『生ける屍の死』

やっと読み終わりました。以下、ネタバレがありますので、未読の方はお気をつけください。
さて、この作品を読み終わって一番最初に思ったのは「ために小説」だな、ということ。「ために小説」とは何かについては
[日記]雨降り - you-のまたやっちゃいました
に書いてあるので参照してください。
ミステリーというか、本格推理小説ってのはどうしても「ために小説」になってしまう。それは、仕方がないことだと思う。ネタを考えるときに、まず、核になる部分を考える。そして、その部分を生かすためにはどうすればいいのか、と考えていく。だから、多くの作品が「ために小説」だと言える。ただし、ここで間違えてはいけないことがある。“こんな密室トリックを思いつきました"というのを出発点にして、その密室トリックを使うことのみを考えて書かれた作品は、「ために小説」ではない。思いつき小説だろう。というのを、『生ける屍の死』を読んで強く感じた。この作品の世界では死者がよみがえるのだが、この作品はそのよみがえりというもののために書かれた作品だ。

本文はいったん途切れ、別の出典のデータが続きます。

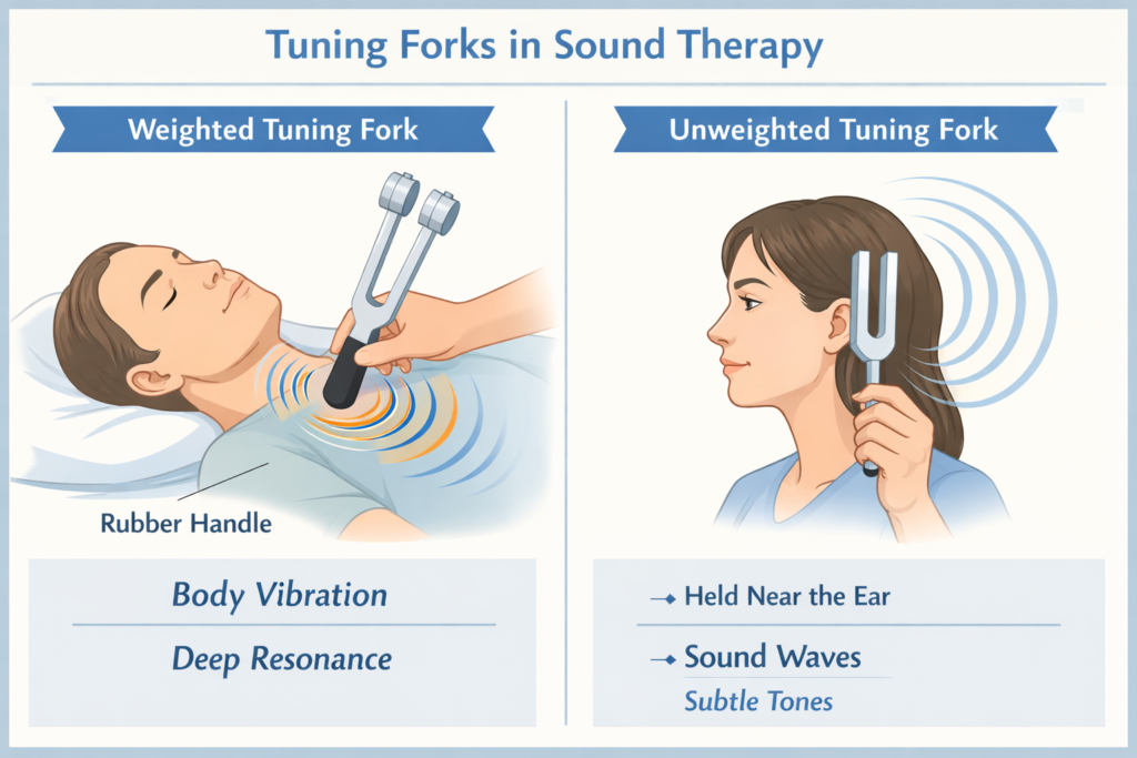 In sound therapy, we use two main types of tuning forks: Weighted (body) forks and Unweighted (sound) forks.
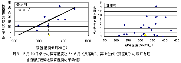 十勝農試開発の発育零点1℃、2世代分の積算温度480日度(平成2年度北海道指導 参考事項)を用いた本種飛来期予測モデルによる飛来期予測、薬剤散布開始時期決定法(400日度到達日の7日以内)は、長沼町においても適用可能である。 |
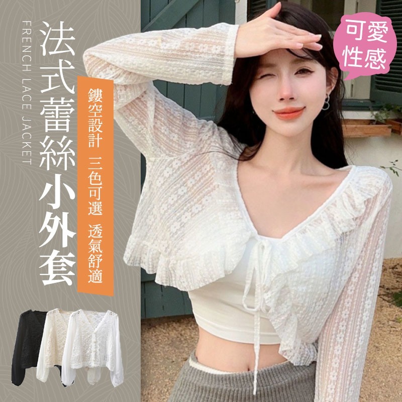 新款法式蕾絲罩衫 性感小披肩 摟空感罩衫 空調罩衫 防曬罩衫
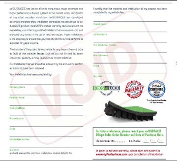 Da biste SofSurfaces jamčili web-lokacije koje instalirate, morat ćete dostaviti sljedeće dovršene dokumente po završetku svakog projekta.
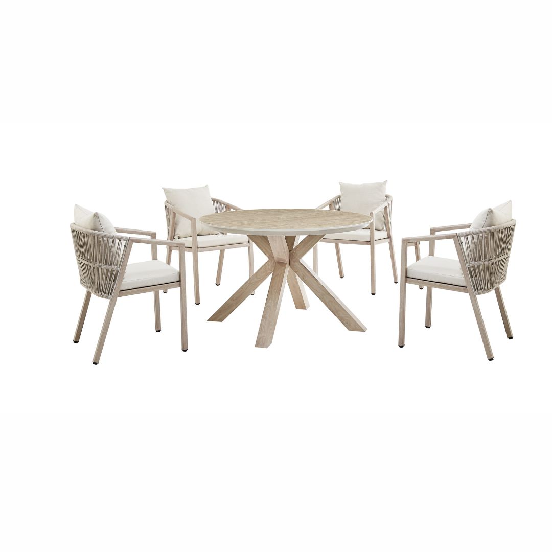 סט פינת האוכל דגם אינדיאנה משלב בין חמימות טרופית לאלגנטיות מודרנית, ויוצר פינת אירוח חיצונית נעימה ומעוצבת.
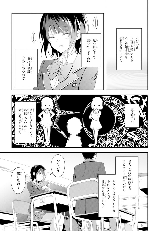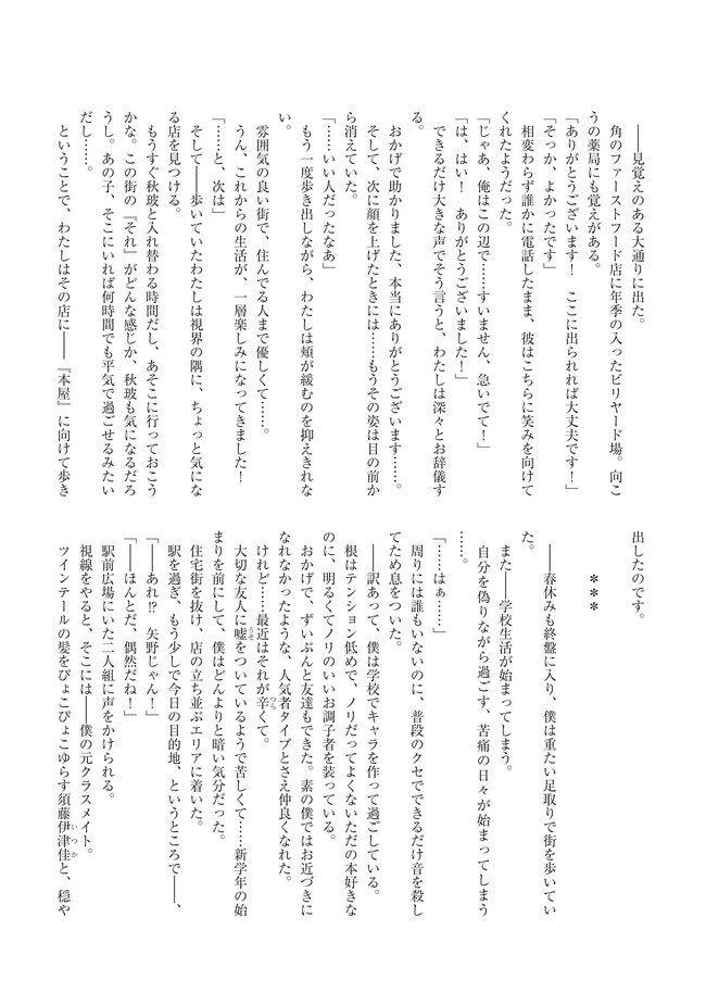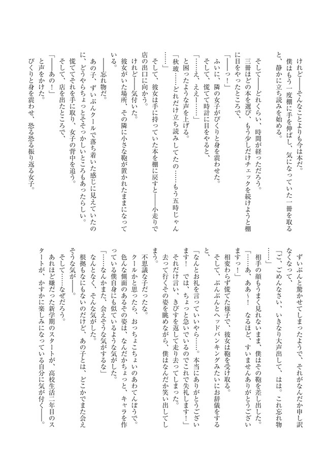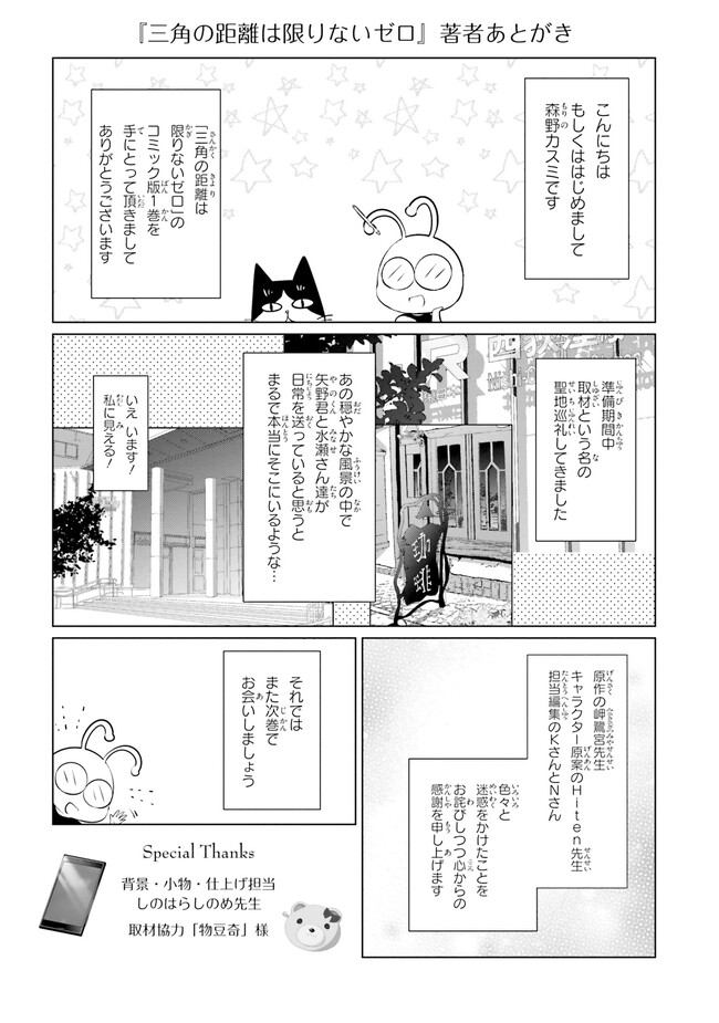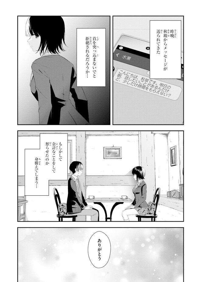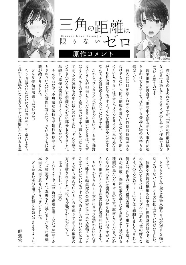 三角の距離は限りないゼロ 【コミックス1巻公開】 三角の距離は限りないゼロ 投稿者 admin - 3年 前に 幸せな読書漫画 三角の距離は限りないゼロ 【コミックス1巻公開】 , いいねと共有ボタンをクリックすることを忘れないでください. Manga 三角の距離は限りないゼロ 常に更新されます 無料コミック Comic Top. 他のマンガの更新を読むことを忘れないでください。 マンガコレクションのリスト 無料コミック Comic Top マンガリストメニューにあります. お友達と共有しましょう! Facebook Twitter Pinterest Whatsapp 前のエピソード すべての章 次のエピソード リスト ページング Loading.. 前のエピソード すべての章 次のエピソード リスト ページング お友達と共有しましょう! Facebook Twitter Pinterest Whatsapp お気に入りに追加に続く 0 人 三角の距離は限りないゼロ 人前で「偽りの自分」を演じてしまう僕。そんな僕が恋したのは、どんなときも自分を貫く物静かな転校生、水瀬秋玻だった。けれど、彼女の中にはもう一人――優しくてどこか抜けた少女、水瀬春珂がいた。僕と「彼女たち」の不思議で歪な三角関係。その距離はどこまでも限りなく、ゼロに近づいていく――。 いま一番切なく愛しい三角関係恋物語。 Hiten(キャラクター原案)岬 鷺宮(原作)森野カスミ(漫画) コミカライズ三角関係恋愛

ふと思ったんだけど、解決という出発点があり、そこから、物語の始めの方へ戻っていく。この時点では出発点から拡散されていく感じだ。しかし、本を読む方は逆で、拡散から始まってすべてが一点へと収束していく。この収束が綺麗であればあるほど、いいミステリーなんじゃないだろうか。つまり、この作品がそうだったということだ。